It does sound sensible. My own decidedly non-expert speculation
was that the big 30 % performance hit right at 4 KB may be related
to memory allocation issues or having to split the skb across
multiple 4 KB pages. And perhaps it only affected the single
process case because with multiple processes lock contention may
be a bigger issue and the xmit batching changes would presumably
help with that. I am admittedly a novice when it comes to the
detailed internals of TCP/skb processing, although I have been
slowly slogging my way through parts of the TCP kernel code to
try and get a better understanding, so I don't know if these
thoughts have any merit.
BTW does anyone know of a good book they would recommend that has
substantial coverage of the Linux kernel TCP code, that's fairly
up-to-date and gives both an overall view of the code and packet
flow as well as details on individual functions and algorithms,
and hopefully covers basic issues like locking and synchronization,
concurrency of different parts of the stack, and memory allocation.
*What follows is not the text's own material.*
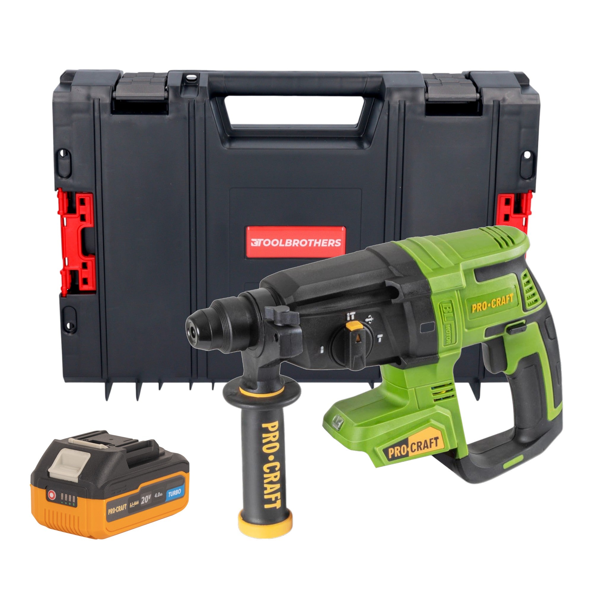 Martello perforatore a batteria Procraft PHA40bb 20 V 2,6 J SDS plus Brushless + 1x batteria 4,0 Ah + valigetta portautensili RHINO - senza caricabatteria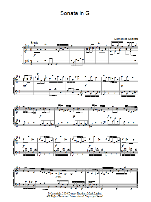 Download or print Domenico Scarlatti Sonata In G Major sheet music, chords and digital score arranged for Piano Solo. This Classical score includes 2 page(s).

I have several books already on Linux kernel and networking internals,
but they seem to only cover the IP (and perhaps UDP) portions of the
network stack, and none have more than a cursory reference to TCP.
The most useful documentation on the Linux TCP stack that I have
found thus far is some of Dave Miller's excellent web pages and
a few other web references, but overall it seems fairly skimpy
for such an important part of the Linux network code.
It would be good to see some empirical evidence that there aren't
any unforeseen gotchas for larger packet sizes, that at least the
same level of performance can be obtained with no greater CPU
utilization.
Looking forward to it.
As you have written previously, and I heartily agree with, this is a
very good practice for developing performance enhancement patches.